In a missional church, what leaders do in equipping the saints is intimately related to the ministry of the entire community, not done on its behalf. Spiritual Formation happens when we serve each other as “interpreters, catalysts, and resources for the exposition of Gods Word in all its formative power."(Darrell Guder, in his lecture series on Walking Worthily, p 278). The faith community itself becomes a parable and a sacrament, in the midst of a world longing for spiritual significance. The gospel works its healing in and through us as we offer a “visible alternative” to the desiccated values of 21st century society. My call to ordination is precious to me, but in 2009, 30 months after finishing up my ten years as a Senior Minister, I feel “Called Again” to a new form of ministry, and a new way of being a leader. I have a passion for supporting spiritual growth, a heap of experience and some God-given wisdom. This Lenten season, I am learning to mine the rich resources and diverse practices of faith formation bequeathed to us down the centuries. I will have a structured and intentional ministry, but it will be just one flavour in the smorgasbord of faith expressions God is using as he works out his will in our community.

To Chew Over: Does the notion of ordination mean anything to you? How about the notion of a Discipleship Coach? Which resonates most with your own spirituality?

Sung at a recent induction service:

There's a hunger in this wilderness for your revelation

To hear the words of life that strengthen me

Come and show what you've prepared for me, speak your confirmation

Show me how I fit into your plan

For when you call my name I can see again

Who you are and who I'm meant to be

And as you beckon me I am free to see

Who you are and who I'm sent to be.

© Brian Doerksen 2000.


  1. Some very pertinent reflections, Viv, I appreciate your observations.

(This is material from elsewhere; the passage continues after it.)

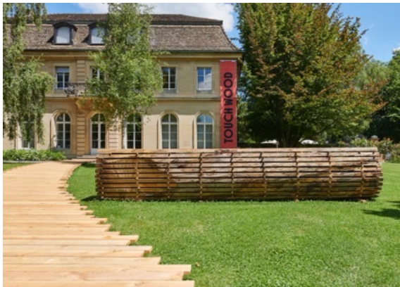
Holzsteg mit Installation, Aussenansicht 2022, © Foto: Nakarin-Fotografie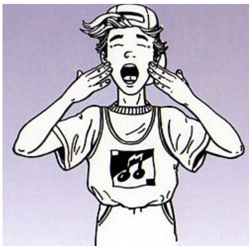
Рис.5 Упражнение «Энергетическая зевота».

It is clearly true that ministry is not done 'on behalf of' - as if the congregation is a client. On the other hand there is a sense I think in which the congregation as a body invests certain of its functions into some. The 'minister' is thus an embodiment of the whole. This is rather like the medieval notion of kingship (the royal 'we'). In a sense this is a safeguard, that the sacred charge which belongs to us all is exercised by us through certain individuals on whom we recognise a particular calling. It is in this dynamic that the proper sense of ordination is found.

    Martin Sutherland

  2. Thanks Martin, I like that application of the royal "we" - which I think Anglican bishops also use. My Presbyterian heritage would see the communality as including the wider church and not just the local congregation.